4. The method as claimed in claim 1, wherein the predetermined counter value is a beacon interval counter value that changes according to transmission and reception of a beacon frame.

5. The method as claimed in claim 4, wherein each of the nodes renews its own beacon interval counter value to a beacon interval counter value of the beacon frame, when each of the nodes receives the beacon frame.

6. The method as claimed in claim 4, wherein each of the nodes changes its own beacon interval (BI) counter value and inserts a changed beacon interval (BI) counter value of said each node into a reserved field of the beacon frame to be transferred, when each node transmits the beacon frame.

7. A method of transmitting a hello packet in a mobile ad hoc network (MANET) by a medium access control protocol layer module, the method comprising the steps of:

changing a predetermined counter value upon one of a beacon frame transmission and a beacon frame reception;

maintaining an awake state after waking up during a predetermined beacon interval (BI) according to the predetermined counter value; and

performing one of transmitting and receiving the hello packet.
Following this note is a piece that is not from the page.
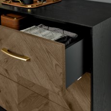The Morreto Fumed Oak & Peppercorn 3 Drawer Chest blends mid-century elegance with modern sophistication. Featuring rustic oak veneers in a rich fumed oak finish framed by wire-brushed peppercorn accents, it showcases a distinctive chevron pattern and sleek detailing that bring warmth and texture to contemporary bedrooms.

8. The method as claimed in claim 7, wherein the predetermined counter value is a beacon interval (BI) counter value that changes according to one of the transmission and the reception of the beacon frame.

9. The method as claimed in claim 8, wherein, when the beacon frame is transmitted, the beacon interval counter value of each of a plurality of nodes is changed and a changed beacon interval (BI) counter value is inserted in a reserved field of the beacon frame to be transferred, and when the beacon frame is received, the beacon interval counter value of each of the plurality of nodes is renewed to the beacon interval counter value of the beacon frame.